[EXERCISE MATERIAL — start]

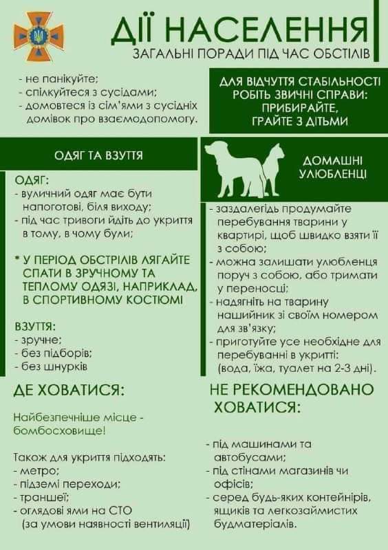 Пам'ятка населенню у разі виникнення надзвичайних ситуацій (артобстріл населеного пункту)
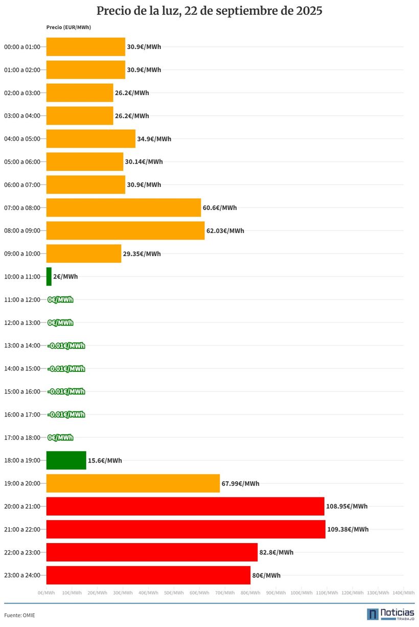 ¿A qué hora es más barata la luz el 22 de septiembre?
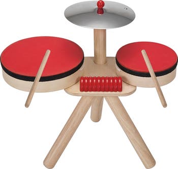 Your budding rockstar is ready to take center stage with this kid-sized musical set featuring different-sized drums, a cymbal and a guiro.
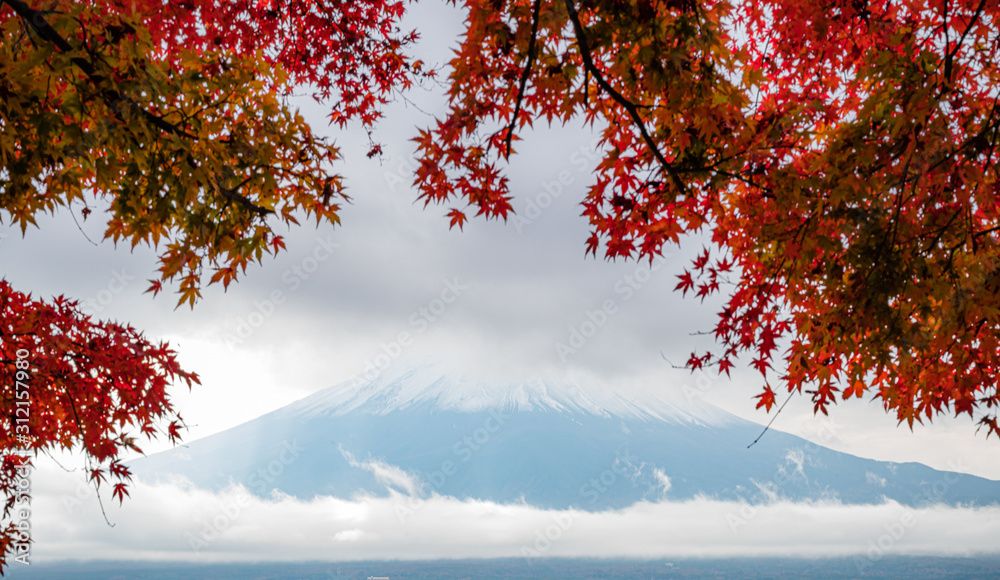 Landscape of Fuji mountain with maple leaf in Autumn season at Kawaguchiko lake with clouds background.
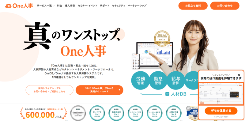 | One人事 | 要問い合わせ | 要問い合わせ | 評価・育成・組織診断を統合。コスト重視の中堅企業向け |

[EXERCISE MATERIAL — finish]

WHAT THE EXERCISE ASKS: Nothing but the lines from the one with "Landscape of Fuji" through the last line of the records should appear in your answer, each exactly as written and without pictures.

SOLVED PROBLEM:
 Landscape of Fuji mountain with maple leaf in Autumn season at Kawaguchiko lake with clouds background.
 | One人事 | 要問い合わせ | 要問い合わせ | 評価・育成・組織診断を統合。コスト重視の中堅企業向け |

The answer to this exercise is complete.